Интересно было бы сравнить с джазовыми синкопами постоянный обертон поэтики Бродского, анжамбеманы. Синкопы — смещение регулярных музыкальных акцентов с ожидаемых позиций, на сильных долях метрической пульсации, на слабые доли такта. Синкопа являет собой некое целомудренное избегание банальных, ожидаемых акцентов; она достигает эффекта естественно-непроизвольного, как бы импровизируемого высказывания. Так и анжамбеман, — особенно в тех его вариантах и в том виде «прогрессий», цепей анжамбеманов, которые встречаем у Бродского, — не только вуалирует четкие цезуры, образующиеся вместе с концом строки и подчас создающие условность, искусственность поэтического членения речи, но создает квазинарушения ритма, внутренние, на интонационном разломе, смысловые акценты и внутренние рифмы с контр-рэже (например, «Лишь сердце вдруг забьется, отыскав, / что где-то я пропорот: холод / трясет его, мне в грудь попав» — I; 387). Синкопами и анжамбеманами порождаются и «противоритмы», и непрерывность движения-«пения», развития поэтической мысли.

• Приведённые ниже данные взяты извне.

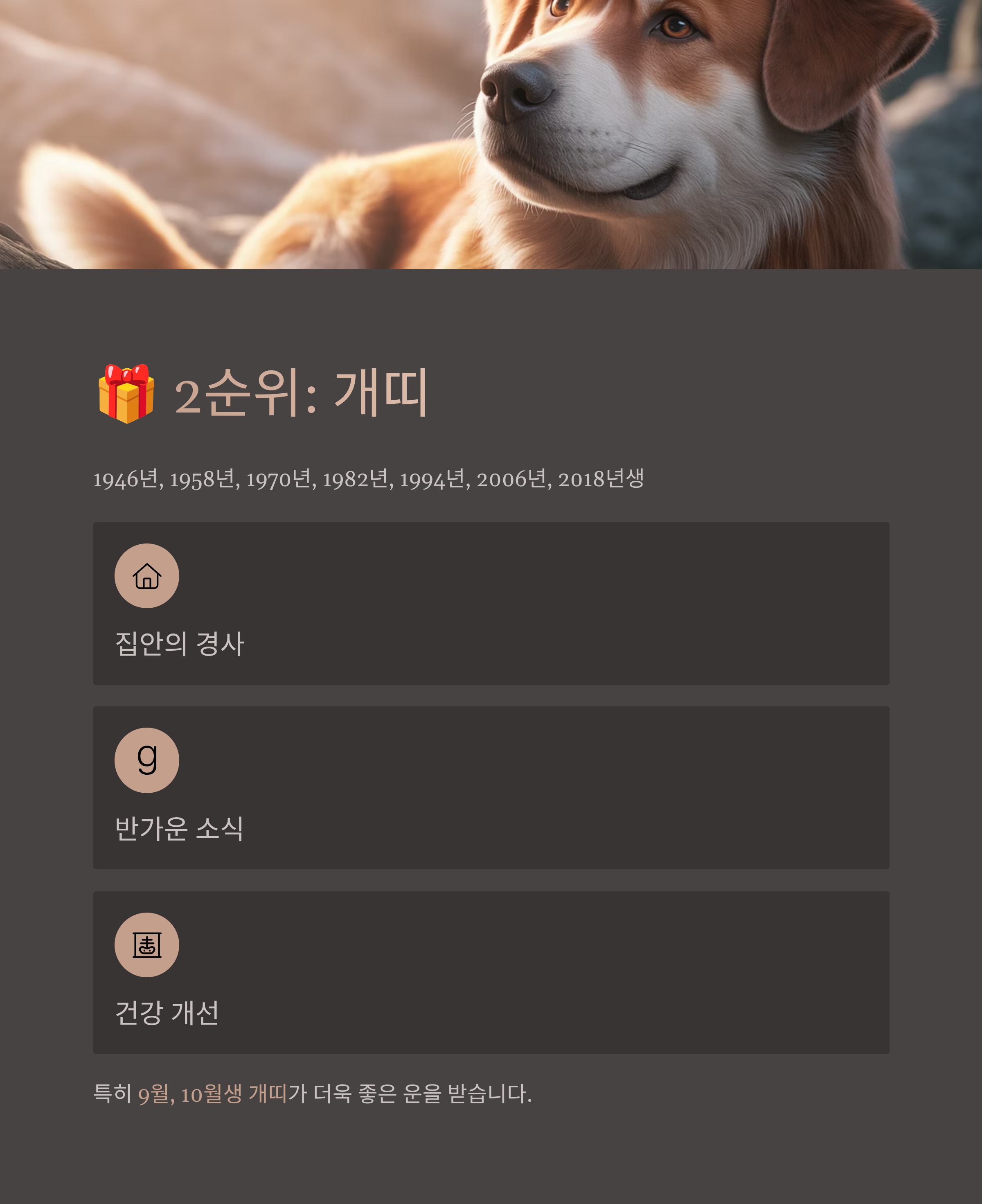 🎁 2순위: 개띠 (특히 1946년, 1958년, 1970년, 1982년, 1994년, 2006년, 2018년생)

Значимы и близки поэтике Бродского, на мой слух, и принципы изложения материала, резкие контрасты плотности в джазовом «проживании» времени — и «безвременьи». Емкость значимой темы — ядра повествования оттеняется длительными пространствами звуковых потоков импровизаций, почти случайных звукосочетаний, где только происходит поиск небанальных решений, чтобы вдруг, в момент озарения, взмыть на высоту подлинно оригинального, блестящего музицирования. Так, подчас то сжимается, то «развертывается» художественное время и у раннего Бродского, когда, минуя действенность редких глаголов (как в среднем разделе вышеописанной «Пьесы с двумя паузами для <…>»), вал существительных дает представление о многообразии мира в единый остановленный момент времени.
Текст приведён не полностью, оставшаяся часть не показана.